Though Saturn-Cronus, as Panofsky suggested in 1939, is the single most important influence on the Father Time of the Western World, the two have been very differently represented. They seem to have little more than age in common, and this impression is strengthened when we consider their natures. The accretions and metamorphoses — as benevolence, nudity, forelock, wings, hourglass, and scythe — which gave to Saturn the symbols that we have come to associate with Father Time are traced through a number of works including the illustrators of Petrarch, the emblem books, and Hogarth.

The change that we are tracing is from a Saturn who had castrated his father and devoured his own children — the saturnine and even malevolent patron of cripples and criminals — to a Father Time who by the sixteenth century was frequently depicted as the benevolent father of Truth. Among other developments, Father Time, who had earlier taken over the symbols of Death, stands back aghast from him by the time of Quarles’ Hieroglyphikes (1638).

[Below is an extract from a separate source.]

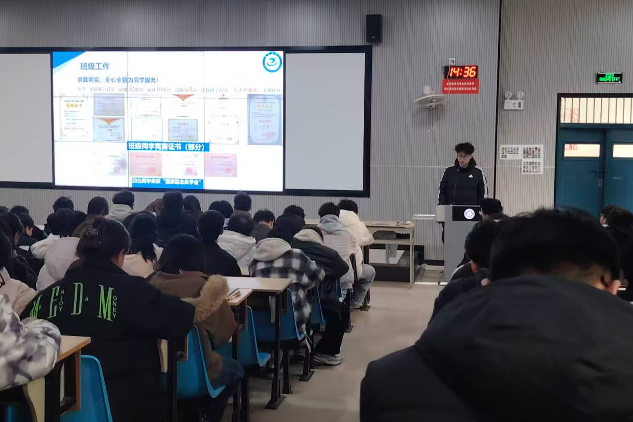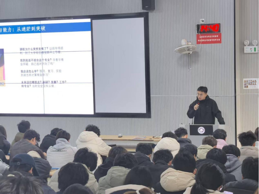 仪式现场,浓厚的学习氛围与积极向上的精神风貌相得益彰。在核心环节“优秀学子经验分享”中,国家奖学金获得者刘青峰、吴迪两位同学作为优秀学生代表登台发言,用真实经历与成长感悟为在场同学提供了可借鉴、可复制的学习范本。刘青峰同学围绕“专业学习与科研训练的协同推进” 展开分享,他结合自身参与省级大学生创新创业项目的经历,详细介绍了如何平衡课堂学习与科研实践,从 “明确研究方向”“组建协作团队” 到 “攻克技术难题”,每一个环节都凝聚着他对学术探索的执着与思考。随后,吴迪同学以 “自我管理与目标实现” 为主题,分享了自己的学习方法与时间规划技巧。

In Hogarth’s last work Tailpiece, or the Bathos (1764), Time — now more sinned against than sinning — expires surrounded by his broken symbols.

Though Father Time did not die (Cupid and he are the only characters from the old emblem books that survive), he is today a very different figure from that depicted in the earlier illustrations. The main purpose of my essay has been to delineate the changing iconography of Father Time, while a subsidiary purpose has been to relate this to important developments in technology and society.